What's going on here is this:
Git is all about commits.
Each commit has a unique number. This number looks random, but isn't. To guarantee its uniqueness, it's a really big number, expressed in hexadecimal, such as e1cfff676549cdcd702cbac105468723ef2722f4
.
Each commit records both a snapshot of every file1 and some metadata, such as the name and email address of whoever made the commit. In the metadata, each commit stores the number (or numbers) of the immediate previous commit, which Git calls the parent (or parents) of that commit.
This means that commits, by themselves, form backwards-looking chains. If we use uppercase letters to stand in for commit hash IDs, we can draw a simple chain like this:
... <-F <-G <-H
Here H
is the hash ID of the last commit in the chain. Inside commit H
, we have a full snapshot of all files, plus the metadata saying who made the commit, when, and why, plus the raw hash ID of earlier commit G
.
Git can look up any commit (or any internal object, for that matter) by its hash ID, so this means that as long as we know H
's hash ID, we can get H
. Using H
, Git can find G
's hash ID, so Git can get G
. Using G
, Git can find F
's hash ID, and so on.
All we need, then, is the hash ID of the last commit in the chain ... and that's just what a branch name does for us, and for Git: it holds the hash ID of the last commit.

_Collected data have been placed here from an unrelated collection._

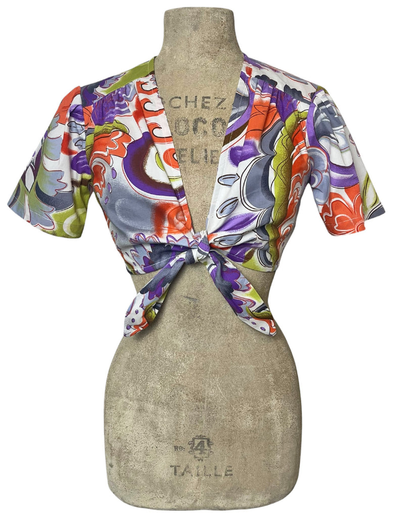 Looking for a cute summer top? Look no further! Our adorable Daisy Tie Top is the perfect vintage inspired crop top. It has short puff sleeves and a tie waist. Pair this 1940s style top with some high waisted bottoms or better yet our matching Petunia Skirt for a complete look!
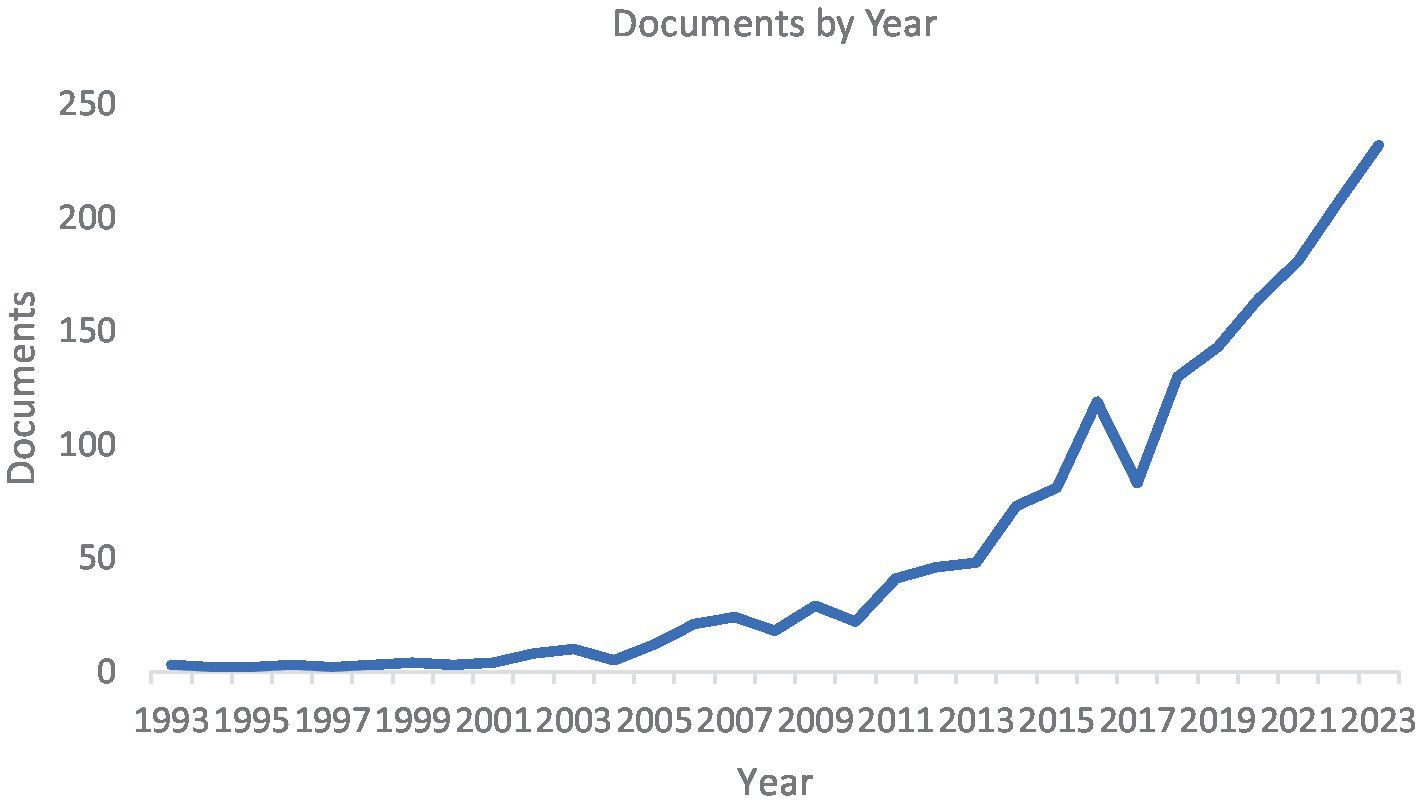 In the first phase of data collection, we conducted a keyword search in the Scopus database using “green consumption” OR “sustainable consumption” OR “eco-friendly product” OR “green consum*” OR “green purchase.” The keywords were searched in the title, abstract, and keywords field under Business, Management, and Accounting categories. The inclusion criteria of this research comprise peer-reviewed academic journals from 1993 to 2023. The period 1993–2023 was chosen because the first article (Lai, 1993) on green consumption was published in 1993. By 2000, only three articles had been published. As shown in Figure 1, the majority (87% of all articles) were published after 2010. The sample was limited to journal articles and excluded book chapters, conference papers, editorials, notes, and short surveys as suggested by (Keupp and Gassmann, 2009). The initial search yielded 1,389 peer-reviewed journal articles. Figure 2 shows the process used to obtain the final journal articles, including the data collection and filtering stages.
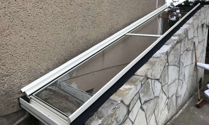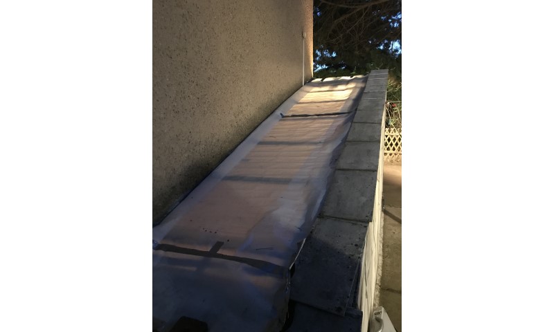 (Fast) fertige Überdachung. Im unteren Bereich wird noch eine Abdeckung montiert und die Mauer erhält noch ein gekantetes Blech zum Schutz vor Nässe.
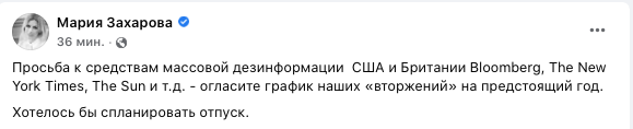 "Просьба к средствам массовой дезинформации США и Британии Bloomberg, The New York Times, The Sun и т.д. - огласите график наших "вторжений" на предстоящий год. Хотелось бы спланировать отпуск", — написала Захарова в фейсбуке.

By definition, the hash ID in some name is the last commit in the chain, even if the chain keeps going on:
...--F--G <-- branch1
\
H <-- branch2
\
I--J <-- branch3
Commits up through G
are on all three branches. Commit H
is on two branches, and commits I-J
are only on one branch, namely branch3
. H
is the last commit on branch2
.
It looks like we made branch3
by branching off branch2
(and then making two commits). But we can delete any branch name at any time.2 If we delete the name branch2
now, we get:
...--F--G <-- branch1
\
H--I--J <-- branch3
and now it looks like we made branch3
by branching off branch1
.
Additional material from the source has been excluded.